WHAT YOU ARE ASKED TO DO ::
The answer must be an exact copy of the lines from the one with "und im Alltag." through the final line below, with no pictures and nothing else.

DATASET SECTION ::
┌──
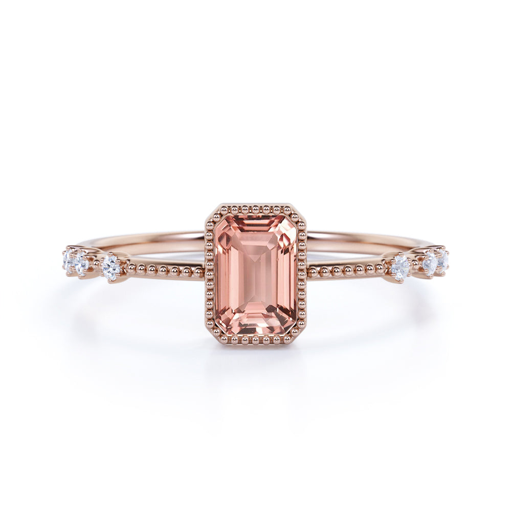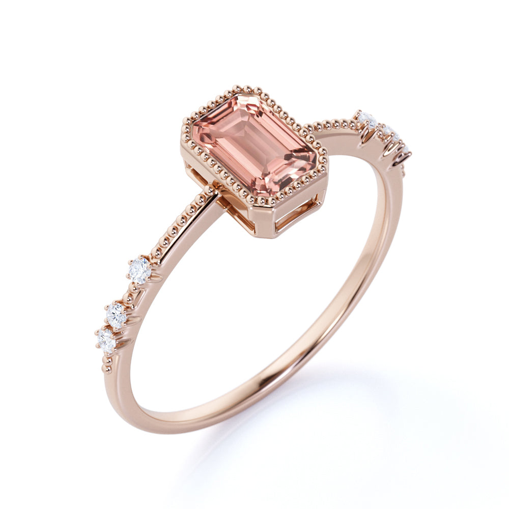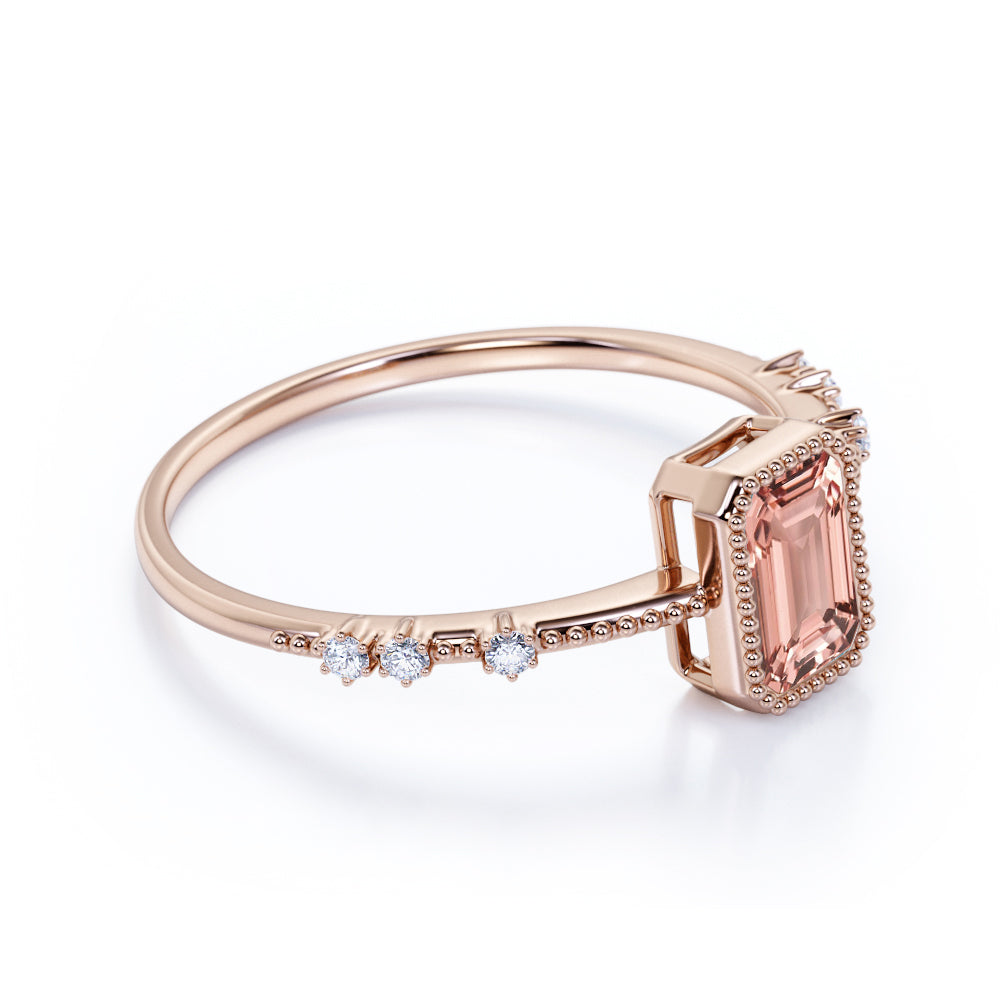 7 Stone Design 1.25 Carat Emerald Cut Australian Morganite and Diamond Vintage Engagement Ring in Rose Gold
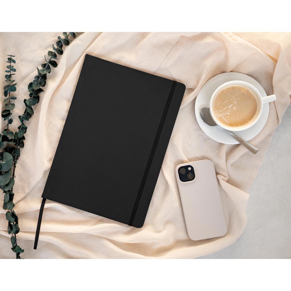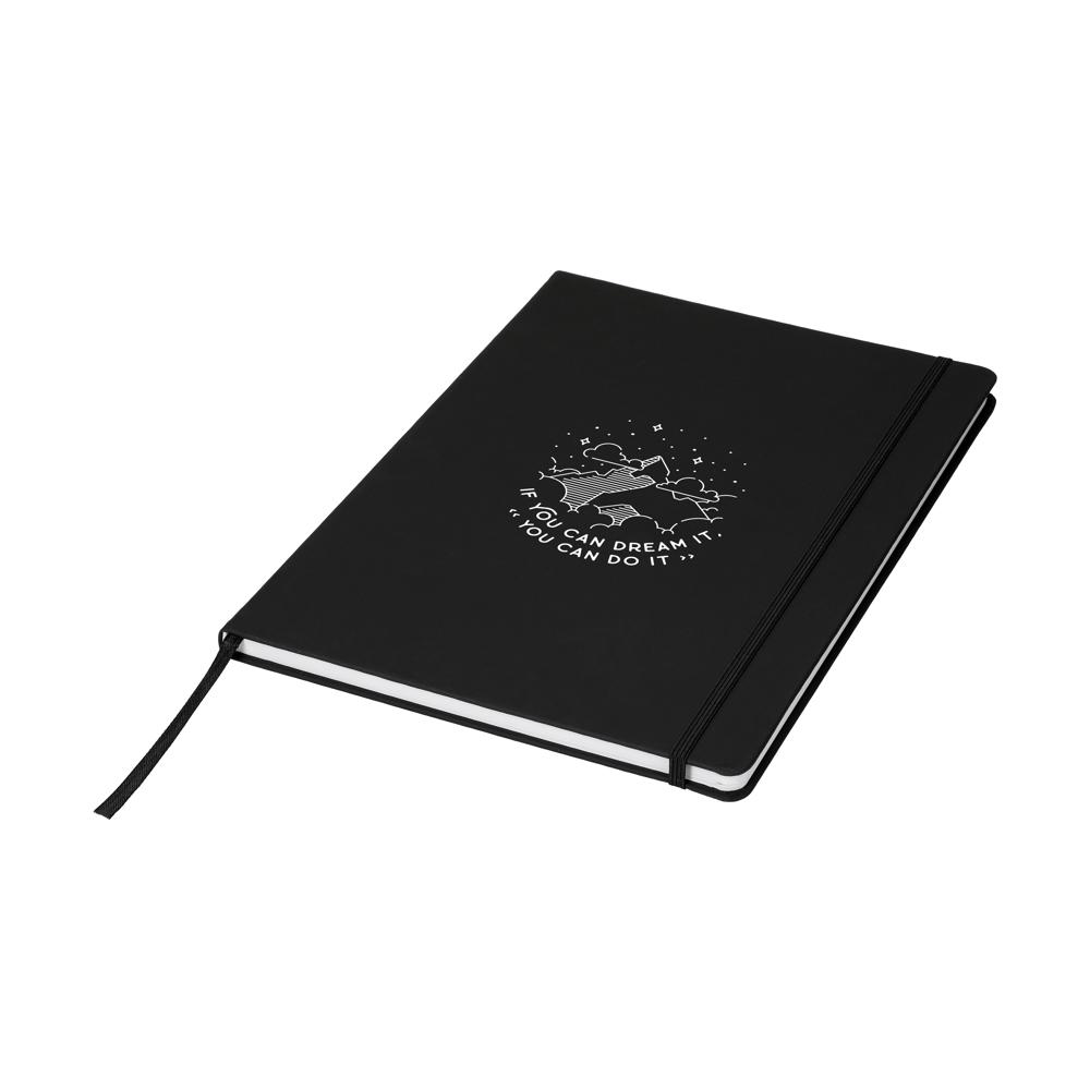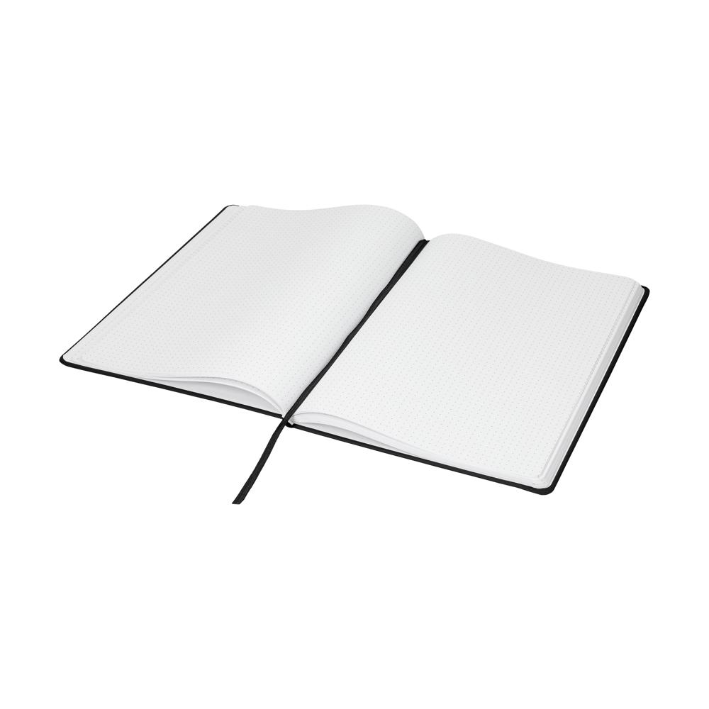 Das Notizbuch "Textura" überzeugt durch seine A4-Größe und das elegante PU-PVC-Material. Es bietet 80 gepunktete Seiten für kreative Ideen, Notizen oder Skizzen. Ein praktisches Lesezeichen hilft beim schnellen Wiederfinden wichtiger Einträge, während das schwarze Gummiband für sicheren Verschluss sorgt – ideal für unterwegs und im Alltag.
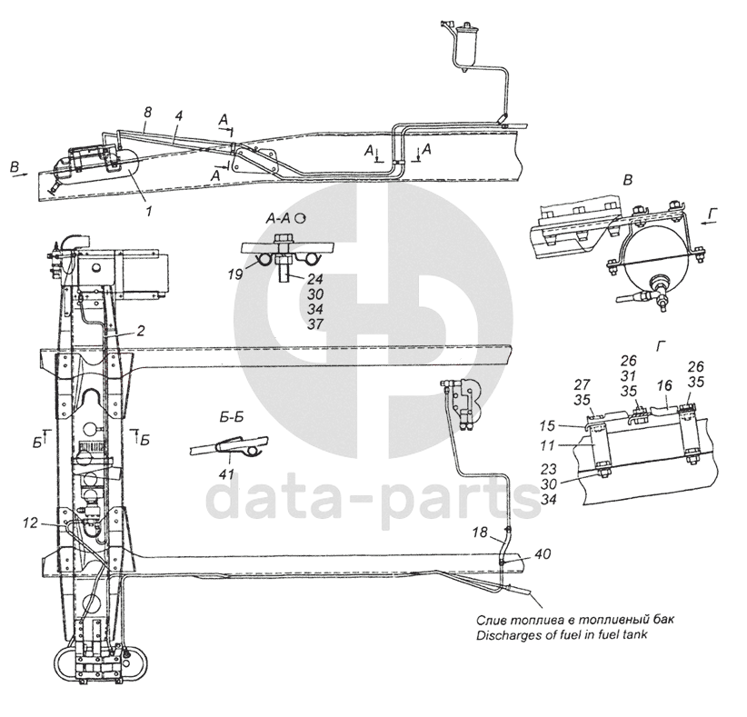 6350-1015017 Установка топливного бачка и топливопроводов предпускового подогревателя ПЖД-30
└──
ANSWER FOR THIS EXERCISE ::
 Das Notizbuch "Textura" überzeugt durch seine A4-Größe und das elegante PU-PVC-Material. Es bietet 80 gepunktete Seiten für kreative Ideen, Notizen oder Skizzen. Ein praktisches Lesezeichen hilft beim schnellen Wiederfinden wichtiger Einträge, während das schwarze Gummiband für sicheren Verschluss sorgt – ideal für unterwegs und im Alltag.
 6350-1015017 Установка топливного бачка и топливопроводов предпускового подогревателя ПЖД-30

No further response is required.